OpenSet Semantic SLAM
The goal of the project is to create a Simultaneous Localization and Mapping algorithm that, besides estimating the camera trajectory and the geometry of the scene, also obtains object instances. These object instances should not be restricted to a fixed set of classes (e.g., chair, table). Hence, the problem is open set segmentation.
Language-Conditioned Interaction Trajectories for Robotic Manipulation
The project aims to explore how language conditioning can be integrated with vision encoders to accurately predict interaction trajectories for robotic manipulation tasks.
Digital Twin for Spot's Home
MOTIVATION ⇾ Creating a digital twin of the robot's environment is crucial for several reasons: 1. Simulate Different Robots: Test various robots in a virtual environment, saving time and resources. 2. Accurate Evaluation: Precisely assess robot interactions and performance. 3. Enhanced Flexibility: Easily modify scenarios to develop robust systems. 4. Cost Efficiency: Reduce costs by identifying issues in virtual simulations. 5. Scalability: Replicate multiple environments for comprehensive testing. PROPOSAL We propose to create a digital twin of our Semantic environment, designed in your preferred graphics Platform to be able to simulate Reinforcement Learning agents in the digital environment, to create a unified evaluation platform for robotic tasks.
KALLAX Benchmark: Evaluating Household Tasks
Motivation ⇾ There are three ways to evaluate robots for pick-and-place tasks at home: 1. Simulation setups: High reproducibility but hard to simulate real-world complexities and perception noise. 2. Competitions: Good for comparing overall systems but require significant effort and can't be done frequently. 3. Custom lab setups: Common but lead to overfitting and lack comparability between labs. Proposal ⇾ We propose using IKEA furniture to create standardized, randomized setups that researchers can easily replicate. E.g, a 4x4 KALLAX unit with varying door knobs and drawer positions, generating tasks like "move the cup from the upper right shelf into the black drawer." This prevents overfitting and allows for consistent evaluation across different labs.
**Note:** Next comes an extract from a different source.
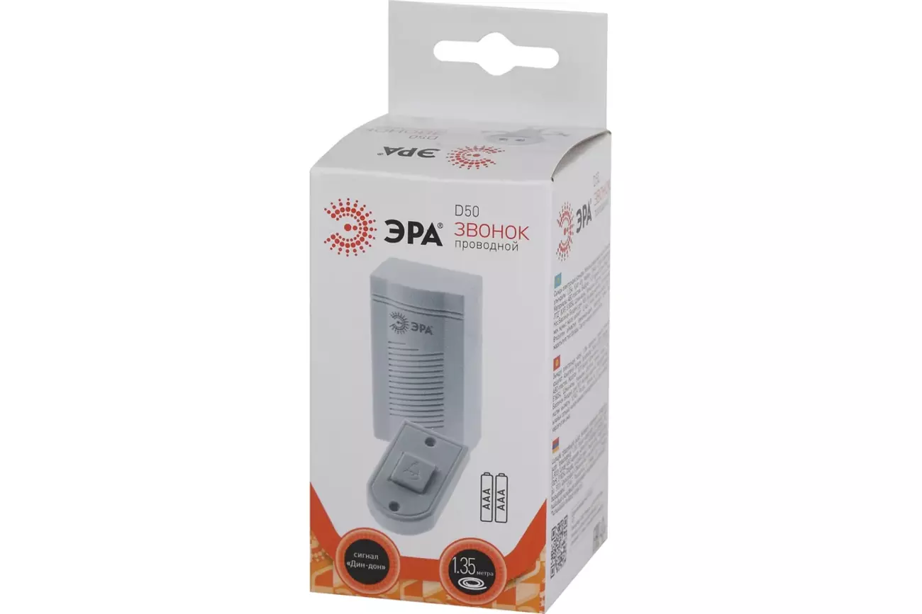 Проводной электрозвонок с полифонической мелодией. Динамик работает от 2 мизинчиковых батареек (2 х ААА) и отличается оптимальной громкостью. Длина провода, соединяющего кнопку и динамик - 1,35 м. Корпус изготовлен из легкого прочного пластика базового белого цвета. Электрозвонок ЭРА универсален для любого интерьера. Прост в установке и удобен в использовании.

Semantic SLAM for Robotic Scene Understanding
MOTIVATION Most 3D scene understanding work applied in the field of robotics realy on two main assumptions: 1. Detailed and accurate 3D reconstructions 2. Reliable semantic segmentation PROPOSAL We propose to use the robot itself for mapping, and then performing the Semantic Segmentation task on the on-board computer. This will allow us to have an end-to-end pipeline to perform scen understanding in real time on the Spot robot.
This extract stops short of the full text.